_Raw data_:
********

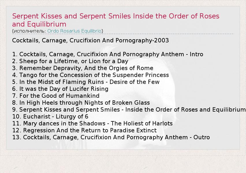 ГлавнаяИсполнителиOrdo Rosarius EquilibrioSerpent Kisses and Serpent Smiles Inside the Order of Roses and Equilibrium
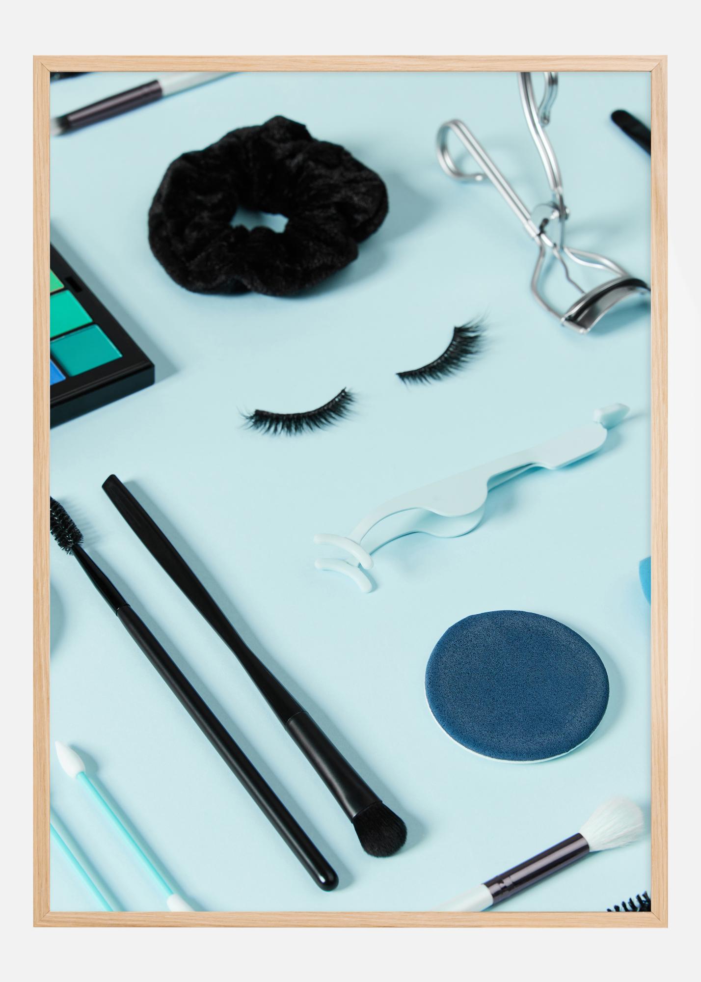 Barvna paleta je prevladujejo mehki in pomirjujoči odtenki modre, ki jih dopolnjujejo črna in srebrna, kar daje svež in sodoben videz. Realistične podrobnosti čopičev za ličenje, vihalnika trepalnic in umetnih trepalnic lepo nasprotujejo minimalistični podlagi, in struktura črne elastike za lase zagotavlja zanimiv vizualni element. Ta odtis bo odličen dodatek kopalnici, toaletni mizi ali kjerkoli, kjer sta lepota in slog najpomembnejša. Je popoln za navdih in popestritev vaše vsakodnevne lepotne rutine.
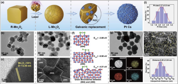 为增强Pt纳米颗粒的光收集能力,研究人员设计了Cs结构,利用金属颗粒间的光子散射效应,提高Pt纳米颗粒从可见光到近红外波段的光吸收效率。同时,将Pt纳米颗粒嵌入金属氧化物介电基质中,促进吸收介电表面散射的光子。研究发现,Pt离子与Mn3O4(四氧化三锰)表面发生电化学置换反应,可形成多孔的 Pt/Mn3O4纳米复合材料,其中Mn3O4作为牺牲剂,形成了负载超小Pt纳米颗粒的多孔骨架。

********

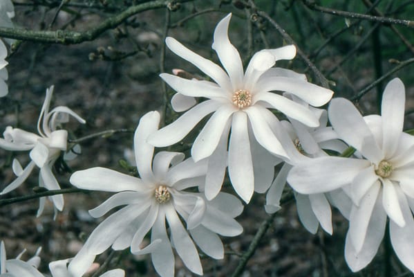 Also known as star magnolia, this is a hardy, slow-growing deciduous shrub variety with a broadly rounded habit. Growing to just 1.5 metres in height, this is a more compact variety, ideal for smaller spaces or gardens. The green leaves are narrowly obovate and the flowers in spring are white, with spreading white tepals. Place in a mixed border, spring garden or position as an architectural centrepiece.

********

_Exercise instructions_: Give back exactly the lines of the listing above from the one that contains "ГлавнаяИсполнителиOrdo Rosarius EquilibrioSerpent" up to and including the one that contains "为增强Pt纳米颗粒的光收集能", but not the pictures, and no other lines.

_Output for this exercise_:
 ГлавнаяИсполнителиOrdo Rosarius EquilibrioSerpent Kisses and Serpent Smiles Inside the Order of Roses and Equilibrium
 Barvna paleta je prevladujejo mehki in pomirjujoči odtenki modre, ki jih dopolnjujejo črna in srebrna, kar daje svež in sodoben videz. Realistične podrobnosti čopičev za ličenje, vihalnika trepalnic in umetnih trepalnic lepo nasprotujejo minimalistični podlagi, in struktura črne elastike za lase zagotavlja zanimiv vizualni element. Ta odtis bo odličen dodatek kopalnici, toaletni mizi ali kjerkoli, kjer sta lepota in slog najpomembnejša. Je popoln za navdih in popestritev vaše vsakodnevne lepotne rutine.
 为增强Pt纳米颗粒的光收集能力,研究人员设计了Cs结构,利用金属颗粒间的光子散射效应,提高Pt纳米颗粒从可见光到近红外波段的光吸收效率。同时,将Pt纳米颗粒嵌入金属氧化物介电基质中,促进吸收介电表面散射的光子。研究发现,Pt离子与Mn3O4(四氧化三锰)表面发生电化学置换反应,可形成多孔的 Pt/Mn3O4纳米复合材料,其中Mn3O4作为牺牲剂,形成了负载超小Pt纳米颗粒的多孔骨架。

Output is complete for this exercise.